__Material for the task__.
--- START ---
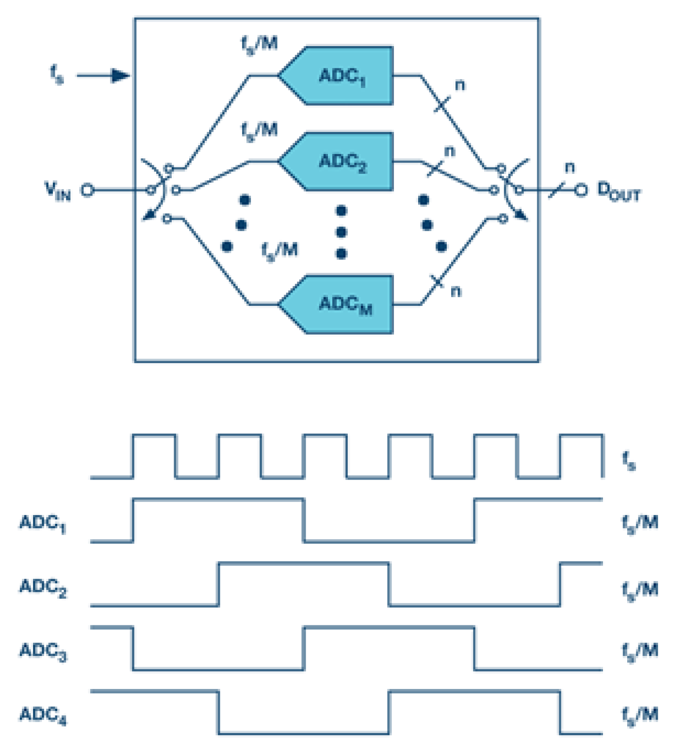 Figure 10 for an example). This approach increases the effective sampling rate while maintaining the power and area efficiency of each individual converter. For this ADC design, the designers used two channels in parallel, with the effective sampling rate being 810 MS/s for the system with each parallel ADC operating at 405 MS/s.
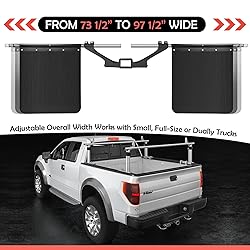 Truck mud flap adjustable system for 2", 2.5" and 3" receivers hitch, adjustable height and width, suitable for use on most vehicles from small to dual purpose. Protects your trailer or vehicle from damage caused by road debris and debris Truck mud flap can range from 73 1/2" to 97 1/2" total width, fender height can be adjusted by rotating the wheel hub, fender flaps 24"*24", can be cut to the size you need. Suitable for various models It was Designed for Long Life In the Most Severe On and Off-Road Conditions. Ideal for all-season use;enough to maintain appearance and anti-sail properties. It can resist buildup of ice and snow and repel the road debris Adjustability makes it Fits most trucks and pickups, including boat trailers, travel trailers and so on,our adjustable sleeve system works on all 2", 2.5" and 3" receivers, please make sure that the size of the product is the size you need before purchasing Package:Heavy-Duty Mud Guards Splash Flaps, 2.0 Adapter* 1, 2.5 Adapter* 1, Flap Fastener*2, MF Flap Tube*2, MF Hitch Bracket*1, MF Pivit Arm*2, Bubber Flap*2, 0.5 - 13 Lock Nut* 10, 0.5 - 13 1.*5 Carriage Bolt* 10, 0.75 Lock Washer* 2, Hex Bolt *, nut * 4, Flat washer*2 and MF Bar End Cap*4
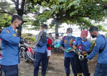 Seekor ular sanca sepanjang kurang lebih empat meter berhasil dievakuasi petugas dari atap warung di Jalan Kampung Baru, RT 01/03,...
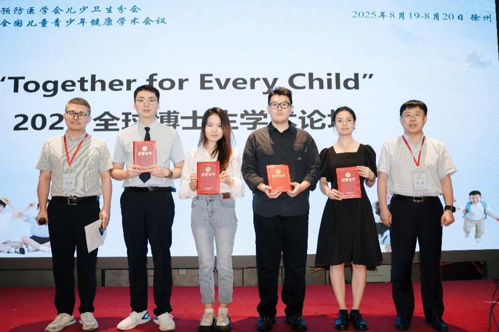 2025年8月20日,“Together for Every Child”全球硕/博士生学术创新论坛依托中华预防医学会儿少卫生分会第十七届全国儿童青少年健康学术会议在江苏省徐州市举办。在本届论坛中,凭借扎实的学术积累和出色的现场汇报,我院妇幼卫生学系博士生扈立鑫、葛文鑫(指导老师:陈亚军教授)双双荣获博士论文报告二等奖、博士生李天泽(指导老师:朱艳娜副教授)以及硕士生黄舒悦(指导教师:蔡莉副教授)分获论坛报告三等奖。这是继我院研究生连续在该项学术创新活动中取得优异成绩后,又一次在国际化学术创新交流舞台上展现出yl88858永利集团公卫学院青年学子的科研实力与风采。
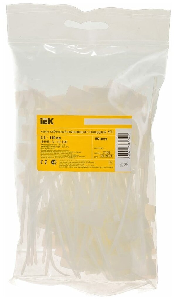 Хомут кабельный ХП1 2.5х110 нейл. бел. с таб. 20х13 (уп.100шт), IEK UHH61-3-110-100 (1 упак) информация:
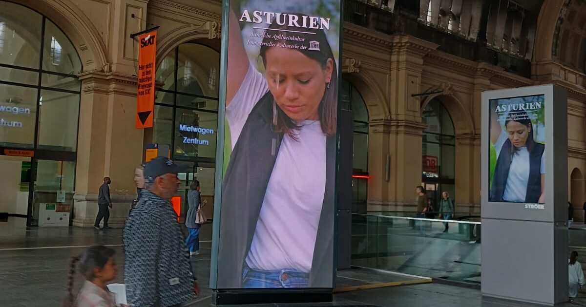Con esta idea de internacionalización, cual no sería nuestra sorpresa al entrar en la estación central de Frankfurt, conocida por su arquitectura monumental y por ser un centro neurálgico de los viajes por Europa, y encontrarnos con una cara conocida en una pantalla gigante, ofreciéndonos, si, un culín de sidra asturiana, bajo el lema “Cultura Asturiana de la Sidra, Patrimonio Universal de la Humanidad. Apúntate al Respetoturismo”.
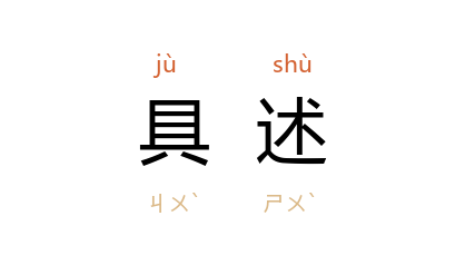 引《太平广记》卷四七四引 唐 谷神子 《博异志·木师古》:“僧徒皆惊 师古 之犹存,询其来由, 师古 具述其状,徐徐拂衣而起。”宋 周密 《齐东野语·鸱夷子见黜》:“使 子皮 居 严子陵 之上, 季真 寘 张子同 之列,则有不可者。故具述之,覬来者知予之不敢苟,而高士之尤可贵也。”
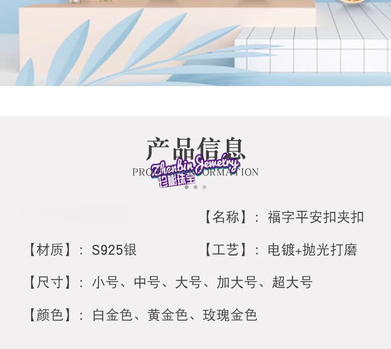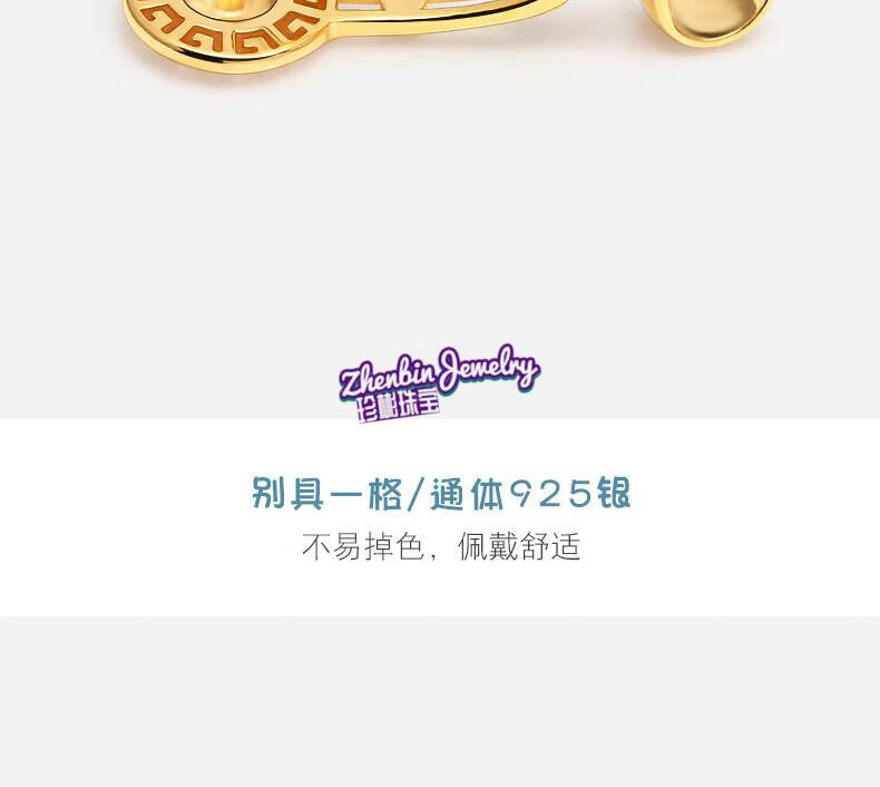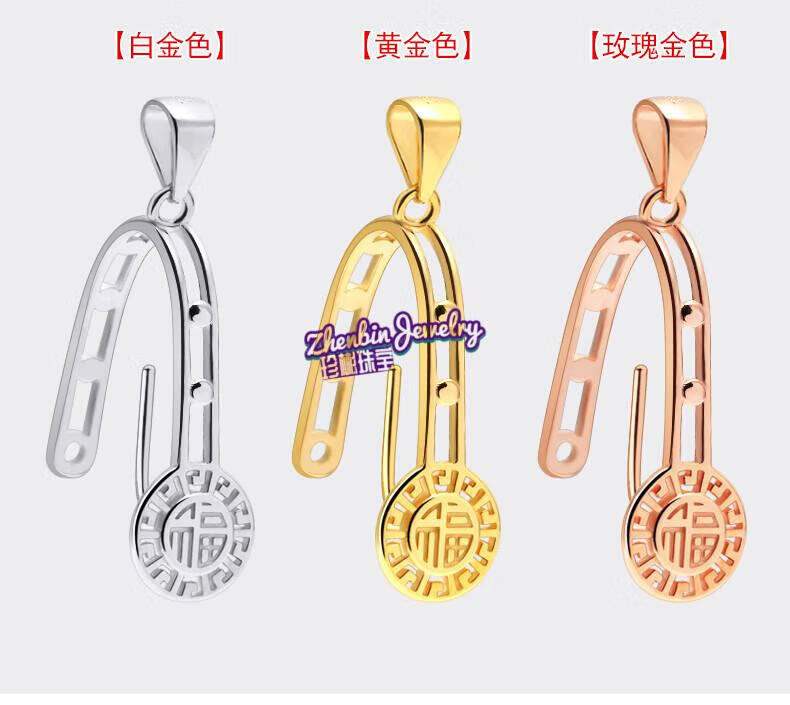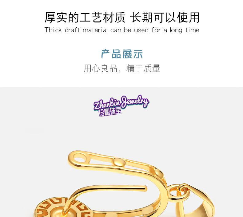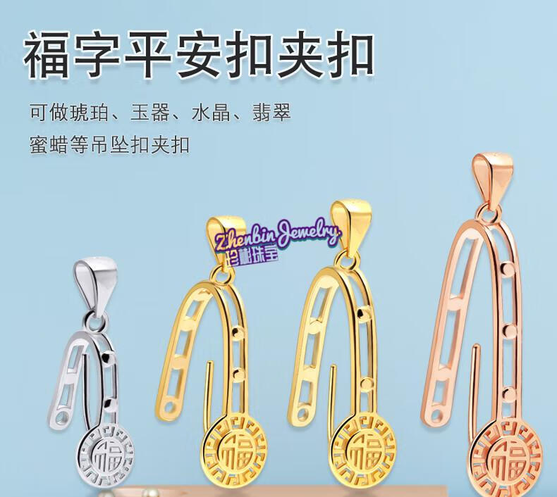 Fat Donglai's same Ping An buckle 18K gold Fu clip buckle amber 925 degree gold buckle head button large (gold color)
--- END ---
__Task prompt__.
Starting with the first entry and ending with the last, reproduce the listing exactly, without its pictures.

__Response for this exercise__.
 Figure 10 for an example). This approach increases the effective sampling rate while maintaining the power and area efficiency of each individual converter. For this ADC design, the designers used two channels in parallel, with the effective sampling rate being 810 MS/s for the system with each parallel ADC operating at 405 MS/s.
 Truck mud flap adjustable system for 2", 2.5" and 3" receivers hitch, adjustable height and width, suitable for use on most vehicles from small to dual purpose. Protects your trailer or vehicle from damage caused by road debris and debris Truck mud flap can range from 73 1/2" to 97 1/2" total width, fender height can be adjusted by rotating the wheel hub, fender flaps 24"*24", can be cut to the size you need. Suitable for various models It was Designed for Long Life In the Most Severe On and Off-Road Conditions. Ideal for all-season use;enough to maintain appearance and anti-sail properties. It can resist buildup of ice and snow and repel the road debris Adjustability makes it Fits most trucks and pickups, including boat trailers, travel trailers and so on,our adjustable sleeve system works on all 2", 2.5" and 3" receivers, please make sure that the size of the product is the size you need before purchasing Package:Heavy-Duty Mud Guards Splash Flaps, 2.0 Adapter* 1, 2.5 Adapter* 1, Flap Fastener*2, MF Flap Tube*2, MF Hitch Bracket*1, MF Pivit Arm*2, Bubber Flap*2, 0.5 - 13 Lock Nut* 10, 0.5 - 13 1.*5 Carriage Bolt* 10, 0.75 Lock Washer* 2, Hex Bolt *, nut * 4, Flat washer*2 and MF Bar End Cap*4
 Seekor ular sanca sepanjang kurang lebih empat meter berhasil dievakuasi petugas dari atap warung di Jalan Kampung Baru, RT 01/03,...
 2025年8月20日,“Together for Every Child”全球硕/博士生学术创新论坛依托中华预防医学会儿少卫生分会第十七届全国儿童青少年健康学术会议在江苏省徐州市举办。在本届论坛中,凭借扎实的学术积累和出色的现场汇报,我院妇幼卫生学系博士生扈立鑫、葛文鑫(指导老师:陈亚军教授)双双荣获博士论文报告二等奖、博士生李天泽(指导老师:朱艳娜副教授)以及硕士生黄舒悦(指导教师:蔡莉副教授)分获论坛报告三等奖。这是继我院研究生连续在该项学术创新活动中取得优异成绩后,又一次在国际化学术创新交流舞台上展现出yl88858永利集团公卫学院青年学子的科研实力与风采。
 Хомут кабельный ХП1 2.5х110 нейл. бел. с таб. 20х13 (уп.100шт), IEK UHH61-3-110-100 (1 упак) информация:
Con esta idea de internacionalización, cual no sería nuestra sorpresa al entrar en la estación central de Frankfurt, conocida por su arquitectura monumental y por ser un centro neurálgico de los viajes por Europa, y encontrarnos con una cara conocida en una pantalla gigante, ofreciéndonos, si, un culín de sidra asturiana, bajo el lema “Cultura Asturiana de la Sidra, Patrimonio Universal de la Humanidad. Apúntate al Respetoturismo”.
 引《太平广记》卷四七四引 唐 谷神子 《博异志·木师古》:“僧徒皆惊 师古 之犹存,询其来由, 师古 具述其状,徐徐拂衣而起。”宋 周密 《齐东野语·鸱夷子见黜》:“使 子皮 居 严子陵 之上, 季真 寘 张子同 之列,则有不可者。故具述之,覬来者知予之不敢苟,而高士之尤可贵也。”
 Fat Donglai's same Ping An buckle 18K gold Fu clip buckle amber 925 degree gold buckle head button large (gold color)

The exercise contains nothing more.